**EXERCISE REQUIREMENTS**
Restate every line below word for word, but drop each picture.

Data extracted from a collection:
● ● ● ●
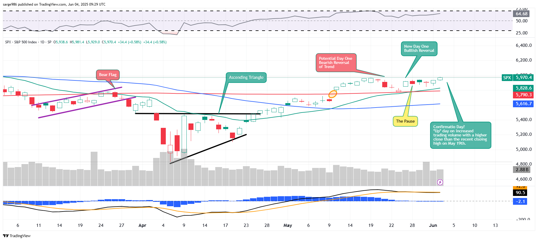 Readers will see that on Tuesday, the S&P 500 traded higher on increased trading volume, breaking the pause, and closed above the recent closing high of May 19.
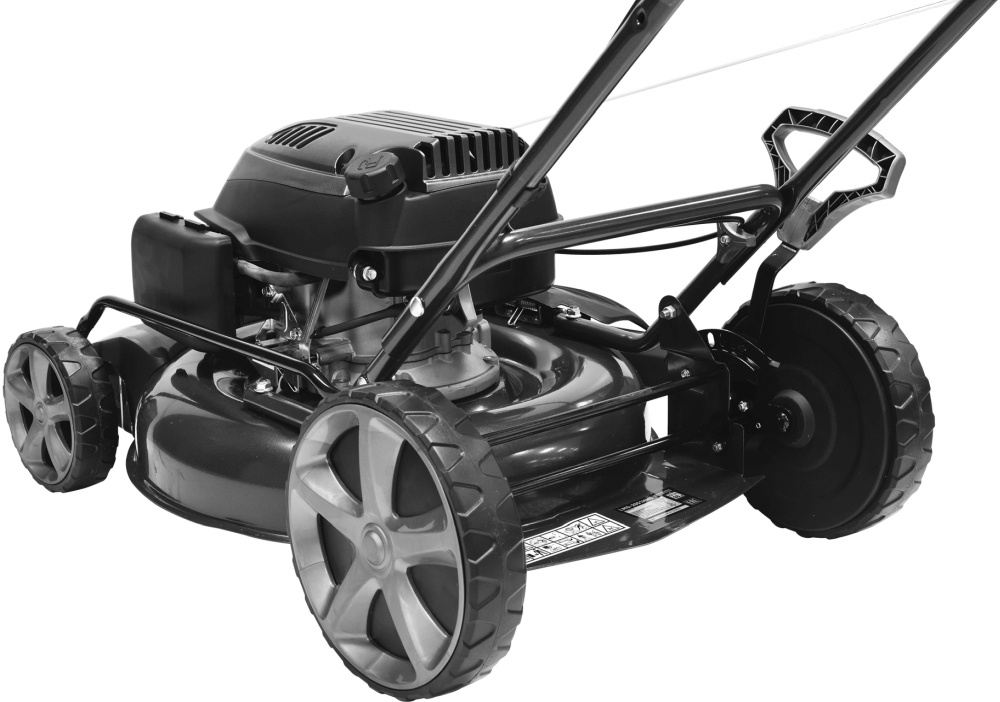 Большие колеса для лучшей проходимости; Система измельчения травы (мульчирования) для удобрения почвы Eco Clip; Экономичный двигатель с высокой производительностью; Центральный рычаг регулировки высоты скашивания; Регулируемая складная рукоятка; Прочная стальная дека
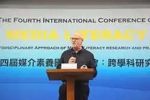 ![]() Burn addressing the International Media Literacy conference, Hong Kong, 2015 | |
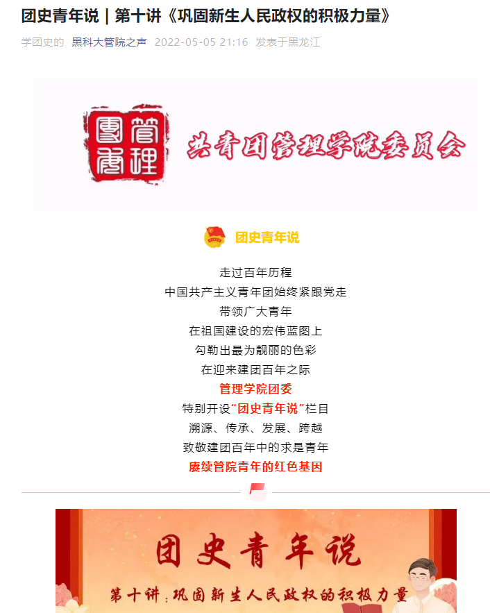 传递正能量,网络思政守正初心。校团委紧紧围绕建团一百周年、2022届毕业生离校等重要时间节点,依托网络思想政治教育阵地,通过官方微信视频号,推出合唱作品《如愿》、《错位时空》、社团成立27周年文艺汇演短片等系列微视频,不断传递青春正能量;管理学院团委推出“团史青年说”系列节目,进一步激发广大团员青少年爱党爱国热情,提升共青团的凝聚力和吸引力;电信学院开展“与祖国共奋进,用青春谱华章”网络活动,让广大青年学生以时代为背景,以先辈为榜样,以红色为信仰,努力奋进;马克思主义学院团委开展“与信仰对话,为青春导航——学习党的青年运动史”分享活动,同学们利用课余生活,分享青年运动史,分享所学、所思、所悟、所感,不断提升思想文化境界。
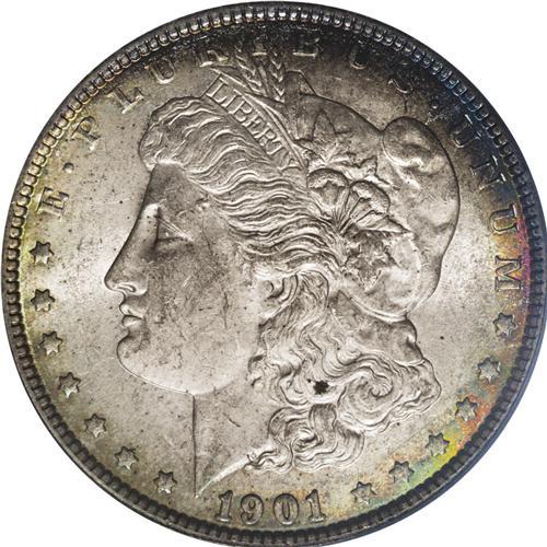 <B>1901 S$1 MS62 PCGS.</B></I> Ex: Ray George. A lustrous and well struck example from the earliest year of the 20th century. The surfaces have silver-gray, orange, green, and red-violet patina on each side, as well as an isolated spot of deep toning on the obverse and several similar areas on the reverse. Light abrasions on the devices account for the grade.<BR><I>From The Cocoa Beach Collection.</B></I><BR><BR><b>Shipping:</b> Coin/Currency (<a target="_blank" href="http://www.heritageauctions.com/common/shipping.php">view shipping information</a>)
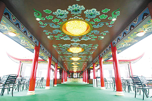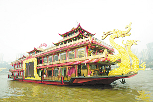 据悉,这艘按照五星级标准建造的游船,是最豪华的中国内河城市观光型游船。这艘游船以金色和红色为主色调,两条巨大的龙和凤峭立船首,船顶为中国3个古代宫廷楼阁建筑风格,船身两边的4层楼为若干红柱和数十个大红灯笼装饰。
● ● ● ●
**RESULT FOR THIS EXERCISE**
 Readers will see that on Tuesday, the S&P 500 traded higher on increased trading volume, breaking the pause, and closed above the recent closing high of May 19.
 Большие колеса для лучшей проходимости; Система измельчения травы (мульчирования) для удобрения почвы Eco Clip; Экономичный двигатель с высокой производительностью; Центральный рычаг регулировки высоты скашивания; Регулируемая складная рукоятка; Прочная стальная дека
 ![]() Burn addressing the International Media Literacy conference, Hong Kong, 2015 | |
 传递正能量,网络思政守正初心。校团委紧紧围绕建团一百周年、2022届毕业生离校等重要时间节点,依托网络思想政治教育阵地,通过官方微信视频号,推出合唱作品《如愿》、《错位时空》、社团成立27周年文艺汇演短片等系列微视频,不断传递青春正能量;管理学院团委推出“团史青年说”系列节目,进一步激发广大团员青少年爱党爱国热情,提升共青团的凝聚力和吸引力;电信学院开展“与祖国共奋进,用青春谱华章”网络活动,让广大青年学生以时代为背景,以先辈为榜样,以红色为信仰,努力奋进;马克思主义学院团委开展“与信仰对话,为青春导航——学习党的青年运动史”分享活动,同学们利用课余生活,分享青年运动史,分享所学、所思、所悟、所感,不断提升思想文化境界。
 <B>1901 S$1 MS62 PCGS.</B></I> Ex: Ray George. A lustrous and well struck example from the earliest year of the 20th century. The surfaces have silver-gray, orange, green, and red-violet patina on each side, as well as an isolated spot of deep toning on the obverse and several similar areas on the reverse. Light abrasions on the devices account for the grade.<BR><I>From The Cocoa Beach Collection.</B></I><BR><BR><b>Shipping:</b> Coin/Currency (<a target="_blank" href="http://www.heritageauctions.com/common/shipping.php">view shipping information</a>)
 据悉,这艘按照五星级标准建造的游船,是最豪华的中国内河城市观光型游船。这艘游船以金色和红色为主色调,两条巨大的龙和凤峭立船首,船顶为中国3个古代宫廷楼阁建筑风格,船身两边的4层楼为若干红柱和数十个大红灯笼装饰。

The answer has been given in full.